[MATERIAL FOR THIS EXERCISE Boundary: Start]
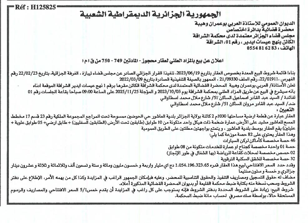Il sera procédé à la vente au plus offrant et dernier enchérisseur le :
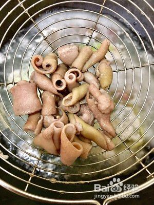 鹅肠用筛烫,不断用筷子搅拌
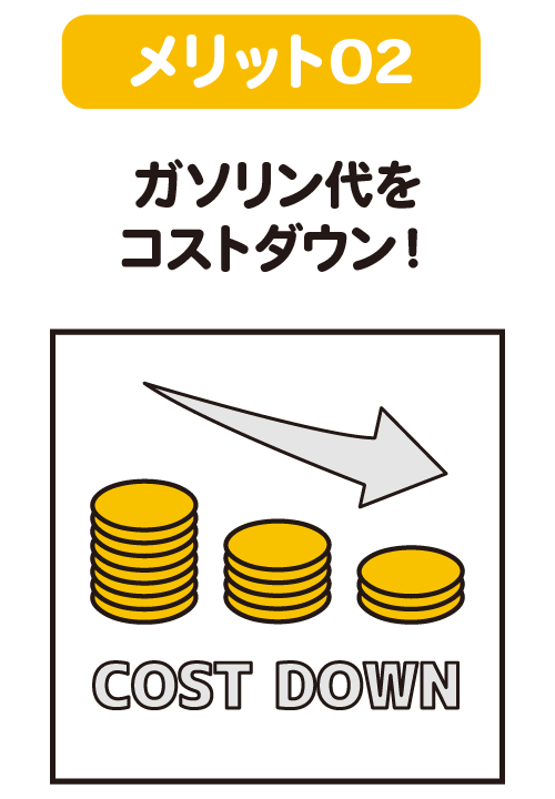 また、ご利用状況によっては、ガソリン代が削減できない場合がございますのでご了承ください。
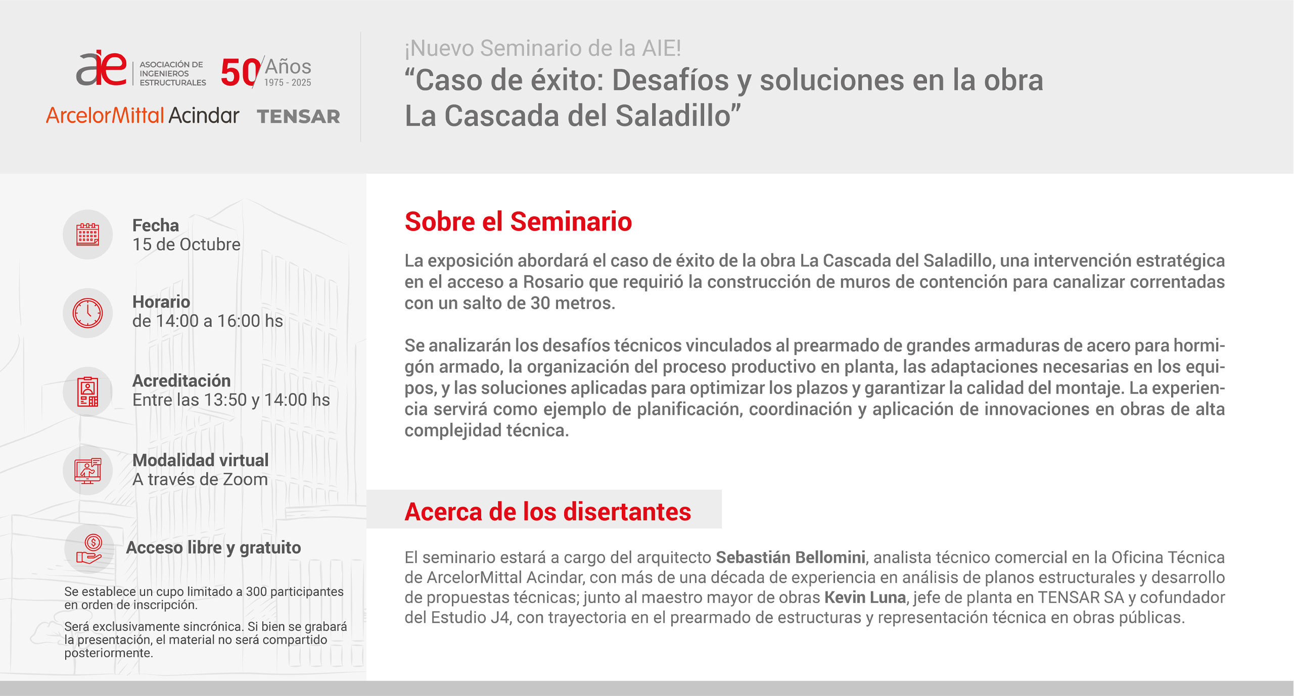 La Asociación de Ingenieros Estructurales (AIE) y Acindar Industria Argentina de Aceros SA invitan a participar del seminario virtual “Caso de éxito: Desafíos y soluciones en la obra La Cascada del Saladillo”. La misma se llevará a cabo el miércoles 15 de octubre de 2025, con acceso libre y gratuito.
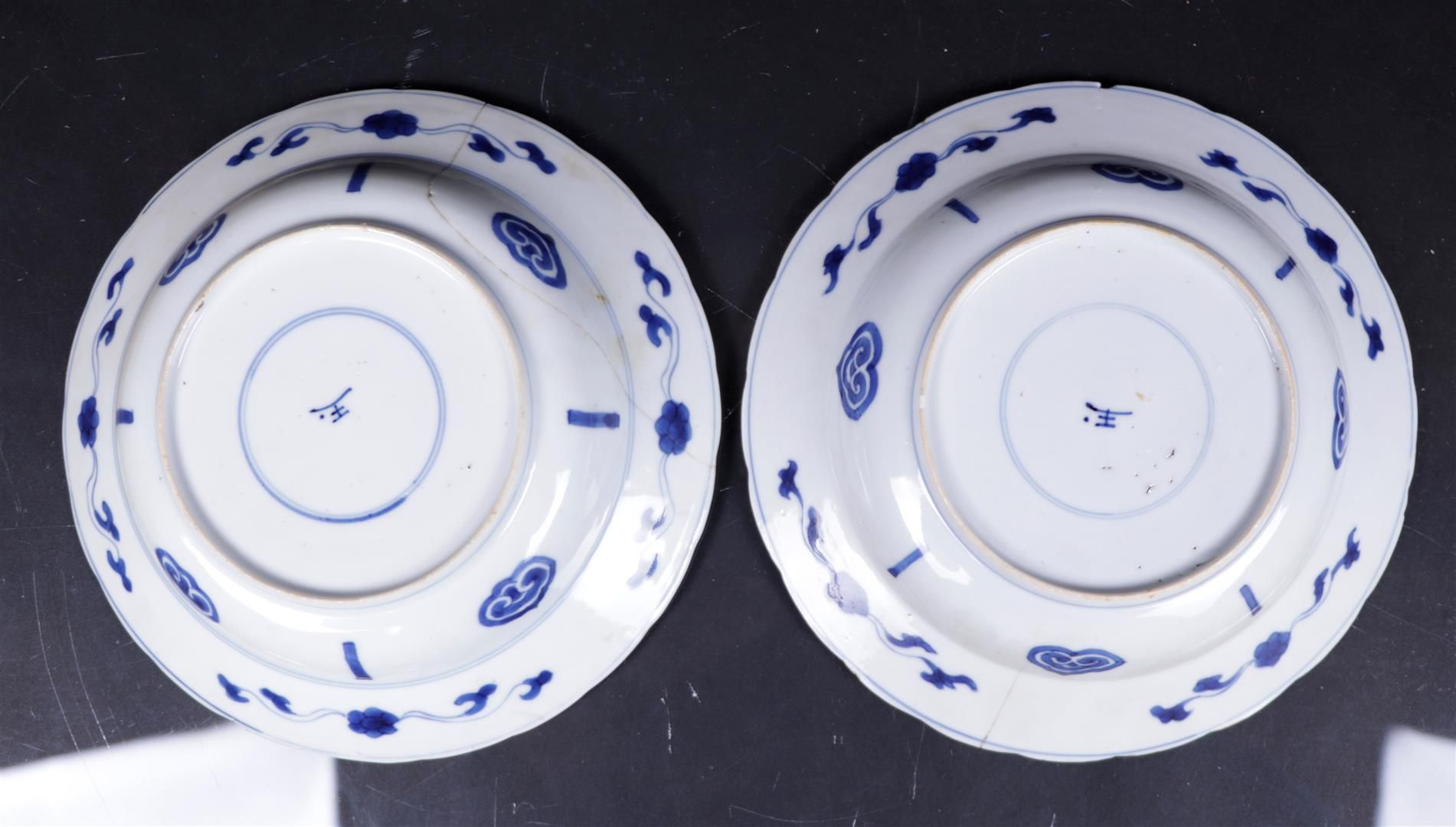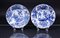 Two porcelain hooded plates with antique borders on the outside alternating with floral borders, between which swasticas, the center with rich floral decoration with insects, the back marked Jade. China, Kangxi.
[MATERIAL FOR THIS EXERCISE Boundary: End]
WORK REQUIRED: Excluding the pictures, write out exactly the lines from the line that contains "La Asociación de" through the end of the records.

OUTPUT FOR THIS TASK:
 La Asociación de Ingenieros Estructurales (AIE) y Acindar Industria Argentina de Aceros SA invitan a participar del seminario virtual “Caso de éxito: Desafíos y soluciones en la obra La Cascada del Saladillo”. La misma se llevará a cabo el miércoles 15 de octubre de 2025, con acceso libre y gratuito.
 Two porcelain hooded plates with antique borders on the outside alternating with floral borders, between which swasticas, the center with rich floral decoration with insects, the back marked Jade. China, Kangxi.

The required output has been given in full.